Exercise aim>
Transcribe each record word for word. Skip the images.

BEGIN Working data

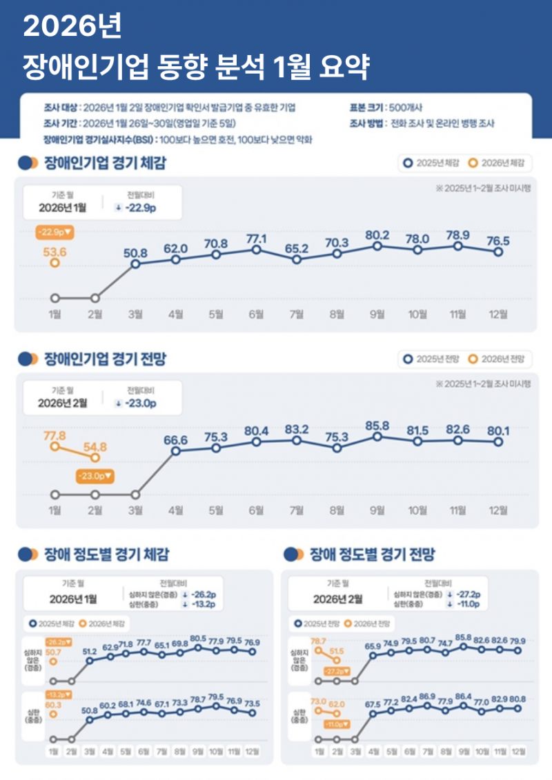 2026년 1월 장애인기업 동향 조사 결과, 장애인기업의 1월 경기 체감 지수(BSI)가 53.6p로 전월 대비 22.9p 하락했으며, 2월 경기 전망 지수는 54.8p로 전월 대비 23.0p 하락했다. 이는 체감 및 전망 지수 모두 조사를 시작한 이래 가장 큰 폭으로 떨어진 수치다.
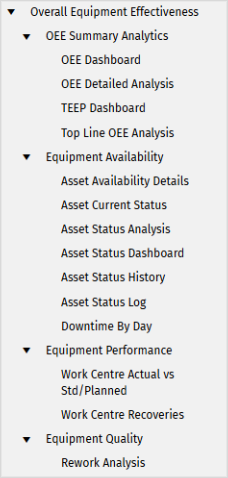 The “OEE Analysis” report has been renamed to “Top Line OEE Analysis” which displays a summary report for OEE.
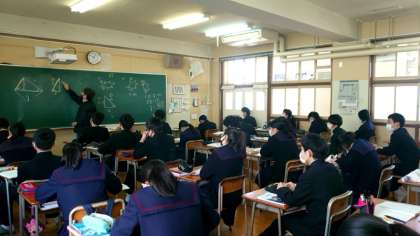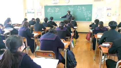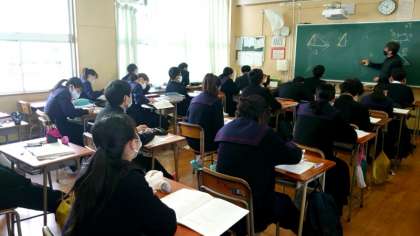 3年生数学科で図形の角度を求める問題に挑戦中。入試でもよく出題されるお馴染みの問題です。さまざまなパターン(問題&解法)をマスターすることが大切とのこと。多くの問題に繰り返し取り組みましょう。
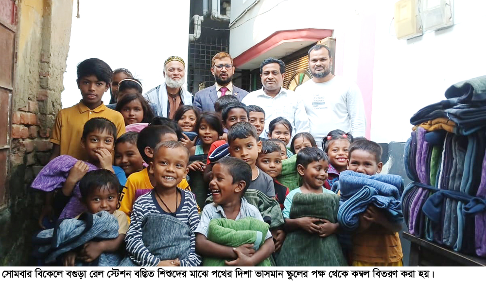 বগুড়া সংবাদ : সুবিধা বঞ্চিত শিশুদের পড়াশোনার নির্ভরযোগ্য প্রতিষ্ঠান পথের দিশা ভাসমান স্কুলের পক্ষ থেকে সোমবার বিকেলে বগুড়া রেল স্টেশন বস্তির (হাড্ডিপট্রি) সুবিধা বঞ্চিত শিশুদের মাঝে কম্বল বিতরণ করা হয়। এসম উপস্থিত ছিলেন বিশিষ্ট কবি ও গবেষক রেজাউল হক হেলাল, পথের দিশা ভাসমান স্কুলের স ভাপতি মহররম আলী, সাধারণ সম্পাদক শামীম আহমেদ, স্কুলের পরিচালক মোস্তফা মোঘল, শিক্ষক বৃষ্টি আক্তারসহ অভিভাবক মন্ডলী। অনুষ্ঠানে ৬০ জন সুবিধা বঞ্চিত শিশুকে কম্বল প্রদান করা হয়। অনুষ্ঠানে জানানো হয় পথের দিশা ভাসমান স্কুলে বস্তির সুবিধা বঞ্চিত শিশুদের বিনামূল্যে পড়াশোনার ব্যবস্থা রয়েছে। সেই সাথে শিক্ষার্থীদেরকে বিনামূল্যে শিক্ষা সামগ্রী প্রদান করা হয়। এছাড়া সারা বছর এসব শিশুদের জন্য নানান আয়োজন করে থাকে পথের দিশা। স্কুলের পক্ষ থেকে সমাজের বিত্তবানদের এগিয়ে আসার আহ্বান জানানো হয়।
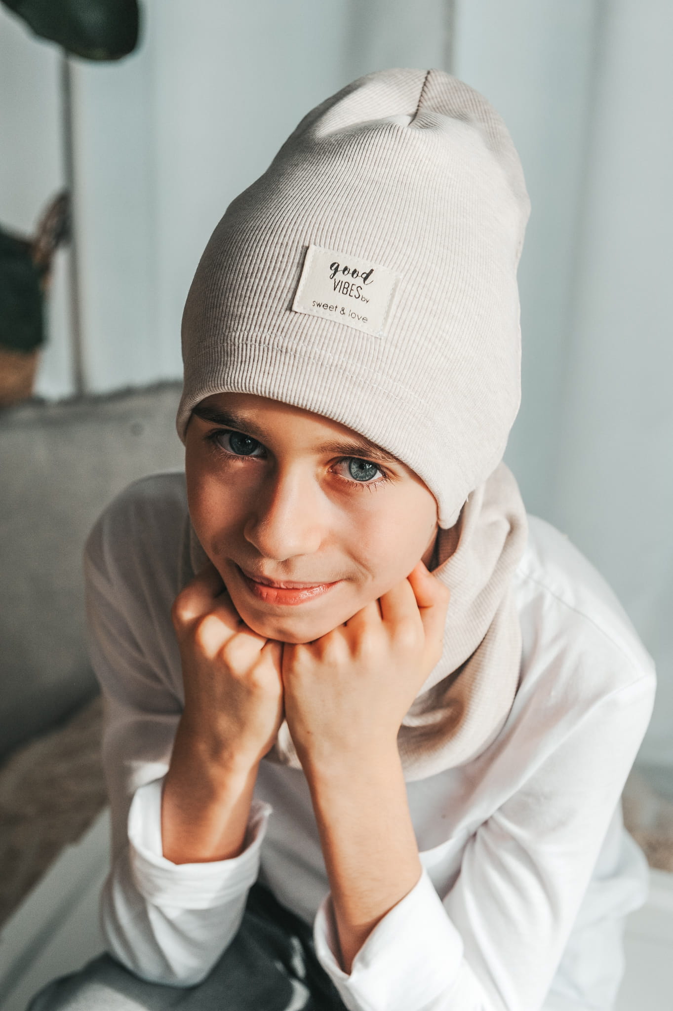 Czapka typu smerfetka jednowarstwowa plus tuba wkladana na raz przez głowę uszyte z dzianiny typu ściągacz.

END Working data

Result of this task>
 2026년 1월 장애인기업 동향 조사 결과, 장애인기업의 1월 경기 체감 지수(BSI)가 53.6p로 전월 대비 22.9p 하락했으며, 2월 경기 전망 지수는 54.8p로 전월 대비 23.0p 하락했다. 이는 체감 및 전망 지수 모두 조사를 시작한 이래 가장 큰 폭으로 떨어진 수치다.
 The “OEE Analysis” report has been renamed to “Top Line OEE Analysis” which displays a summary report for OEE.
 3年生数学科で図形の角度を求める問題に挑戦中。入試でもよく出題されるお馴染みの問題です。さまざまなパターン(問題&解法)をマスターすることが大切とのこと。多くの問題に繰り返し取り組みましょう。
 বগুড়া সংবাদ : সুবিধা বঞ্চিত শিশুদের পড়াশোনার নির্ভরযোগ্য প্রতিষ্ঠান পথের দিশা ভাসমান স্কুলের পক্ষ থেকে সোমবার বিকেলে বগুড়া রেল স্টেশন বস্তির (হাড্ডিপট্রি) সুবিধা বঞ্চিত শিশুদের মাঝে কম্বল বিতরণ করা হয়। এসম উপস্থিত ছিলেন বিশিষ্ট কবি ও গবেষক রেজাউল হক হেলাল, পথের দিশা ভাসমান স্কুলের স ভাপতি মহররম আলী, সাধারণ সম্পাদক শামীম আহমেদ, স্কুলের পরিচালক মোস্তফা মোঘল, শিক্ষক বৃষ্টি আক্তারসহ অভিভাবক মন্ডলী। অনুষ্ঠানে ৬০ জন সুবিধা বঞ্চিত শিশুকে কম্বল প্রদান করা হয়। অনুষ্ঠানে জানানো হয় পথের দিশা ভাসমান স্কুলে বস্তির সুবিধা বঞ্চিত শিশুদের বিনামূল্যে পড়াশোনার ব্যবস্থা রয়েছে। সেই সাথে শিক্ষার্থীদেরকে বিনামূল্যে শিক্ষা সামগ্রী প্রদান করা হয়। এছাড়া সারা বছর এসব শিশুদের জন্য নানান আয়োজন করে থাকে পথের দিশা। স্কুলের পক্ষ থেকে সমাজের বিত্তবানদের এগিয়ে আসার আহ্বান জানানো হয়।
 Czapka typu smerfetka jednowarstwowa plus tuba wkladana na raz przez głowę uszyte z dzianiny typu ściągacz.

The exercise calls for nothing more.